Re: reductio ad falsum versus reductio ad absurdum

On Sun, 28 Aug 2005, futurist wrote:
To whom are you repling? Removal of immediate references can lead to your
reply not being noticed by the person to whom you are repling. (I read by
new arrivals, not by threaded format, as the former is easier for seeing
what's up.)

> ok, i guess that's the part i don't understand--why doesn't |- nest
> when -> can??
>
Becuase -> combines two formal statements into another.
P |- Q is a statement about a sequence of formal statements.
(P |- Q) |- R, is a statment about a sequence of formal statements
because P |- Q isn't a formal statement.

> basically this arose because i was making myself a list of various
> rules and theorems in ND systems, and realized that CP, to take the
> simplest example, wasn't presented in the same way as the others:
>
> Modus ponens
> P, P->Q |- Q
>
> Conditional Proof
> ???? |- A->Q
>
> i don't see a way to fill in the ???? without nesting |-. to be
> clearer, i have no thesis, i have two questions:
>
> 1. why is what i put for the ???? wrong, and what SHOULD go there?

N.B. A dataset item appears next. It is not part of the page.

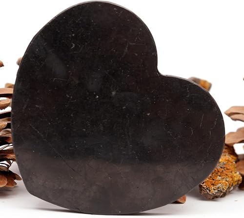 Igox Plaque polie en shungite en Forme de cœur - 100 mm - Pierres de guérison

A set of formal statements only.

> 2. (further below) why are two very different inferences both called
> RAA?

Then ask it further below.

> > What you described can formally be expressed as
> > Given P,A |- Q, conclude P |- A -> Q
> > which is called the Deduction Theorem, tho actually it's a metatheorem.
>
> in which case it can't be a description of a rule of ND...
>
ND has somewhat different syntax than PC, propositional calculus.

> when i write:
>
> P
> ----
> A (assumption)
> ...
> Q
> A->Q (conditional proof)
>
> i'm not using any metatheorems--i'm just using some rule (CP) of the
> object language--but i don't know how to precisely formalize that rule
> as a sequent... (see above)
>
You are mixing ND with PC. Here's ND

assume P
assume A
...
Q
A -> Q
P -> (A -> Q)

> 1. (what i'm inclined to call reductio ad falsum)
>
> P
> ---
> ...
> Q
> A (assumption)
> ...
> ~Q
> ~A
>

assume P
...
Q
assume A
...
~Q
Q -> F (ND definition ~Q)
Q
F
A -> F
~A
P -> ~A

> (which yields P |- ~A)
>
It does not. You assumed P |- Q.

> 2. (what i'm inclined to call reductio ad absurdum)
>
> ---
> A (assumption)
> ...
> Q
> ...
> ~Q
> ~A
>
> (which yields |- ~A)
>
It does not. You assumed A |- Q.

> how do i describe the rules applied here in sequents, as all the other
> rules are described?
>
You are hopelessly confusing ND with PC.
Be content with what I think you've stated
P -> Q, Q -> (A -> ~Q) |- ~A
P -> Q, Q -> ~Q |- ~P

As for a distinction
P -> ~P |- ~P
P -> Q, P -> ~Q |- ~P

.